Estrogen receptor α emerged as a well validated therapeutic target of breast cancer for decades. However, approximately 50% of patients who initially responding to standard-of-care (SoC), such as undergo therapy of Tamoxifen, generally inevitably progress to an endocrine-resistance ER+ phenotype. Recently, selective estrogen receptor covalent antagonists (SERCAs) targeted to ERα have been demonstrated as a therapeutic alternative.

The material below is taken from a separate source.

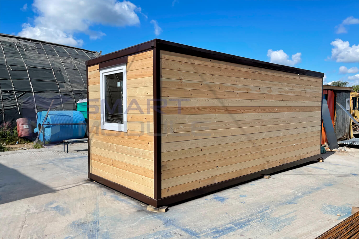 Деревянный, обрешетка из доски 2-4 сорт антисептированной Брус, размеры 100*40 мм, потолочные лаги – брус 100х40мм закладная по всей бытовки от пола 1800мм перегородка по схеме

In the present study, series of novel 6-OH-benzothiophene (BT) derivatives targeting ERα and deriving from Raloxifene were designed, synthesized, and biologically evaluated as covalent antagonists. Driven by the antiproliferative efficacy in ER+ breast cancer cells, our chemical optimization finally led to compound 19d that with potent antagonistic activity in ER+ tumor cells while without agonistic activity in endometrial cells. Moreover, the docking simulation was carried out to elucidate the binding mode, revealing 19d as an antagonist and covalently binding to the cysteine residue at the 530 position of ER helix H11.

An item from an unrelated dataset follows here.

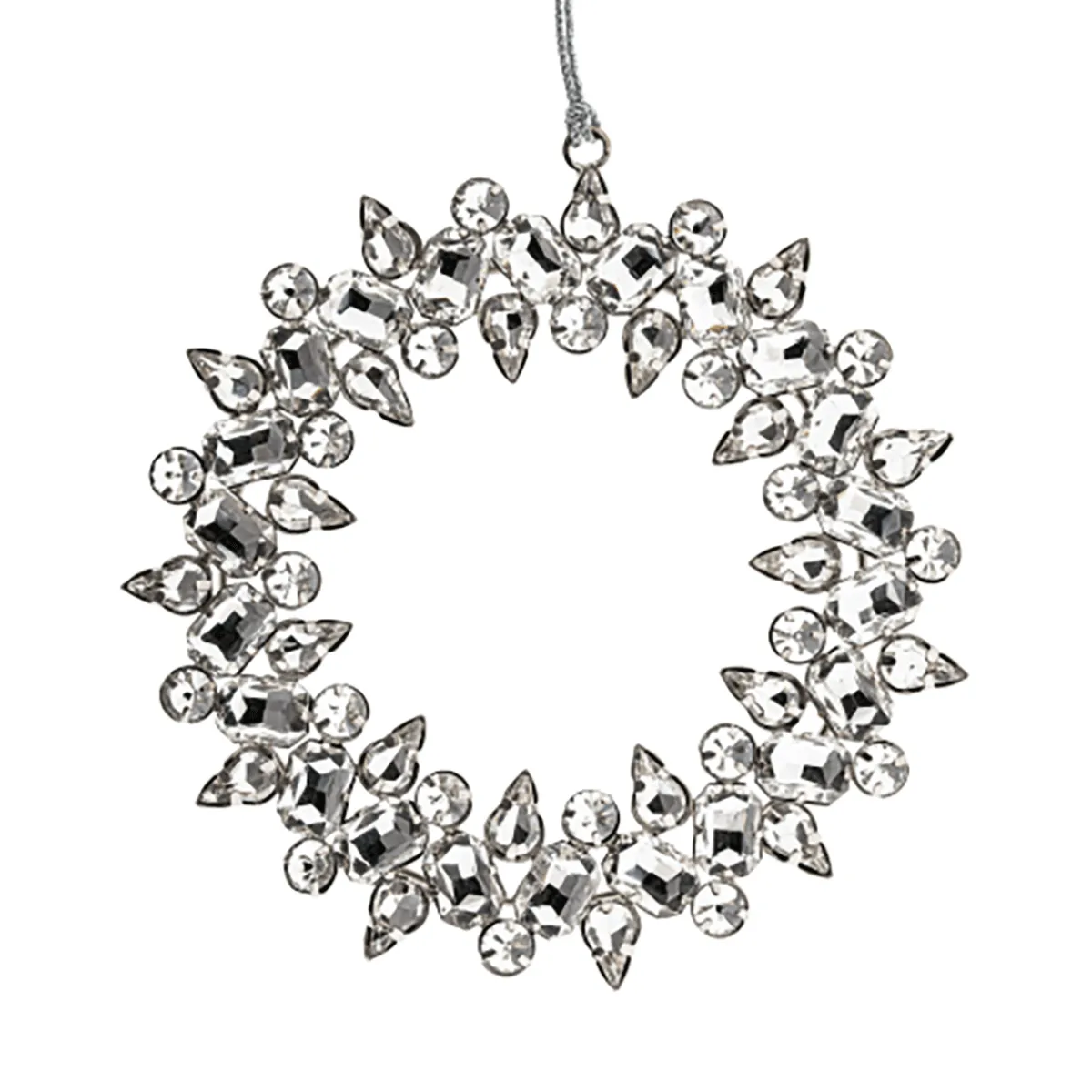 Glänzender Kreis zur Erinnerung an die Unendlichkeit. Facettierte Glassteine, Größe: ca. Ø 13,2 cm, Schnur: ca. L. 16 cm.

几十年来，雌激素受体 α 一直是乳腺癌的有效治疗靶点。然而，大约 50% 最初对标准护理 (SoC) 有反应的患者，例如接受他莫昔芬治疗，通常不可避免地会发展为内分泌抗性 ER+ 表型。最近，靶向 ERα 的选择性雌激素受体共价拮抗剂 (SERCA) 已被证明是一种治疗选择。在本研究中，一系列新型 6-OH-苯并噻吩 (BT) 衍生物靶向 ERα 并衍生自雷洛昔芬，被设计、合成和生物学评估为共价拮抗剂。在 ER+ 乳腺癌细胞的抗增殖功效的推动下，我们的化学优化最终导致化合物19d在 ER+ 肿瘤细胞中具有强效拮抗活性，而在子宫内膜细胞中没有激动活性。此外，进行对接模拟以阐明结合模式，揭示19d作为拮抗剂并与ER螺旋H11的530位的半胱氨酸残基共价结合。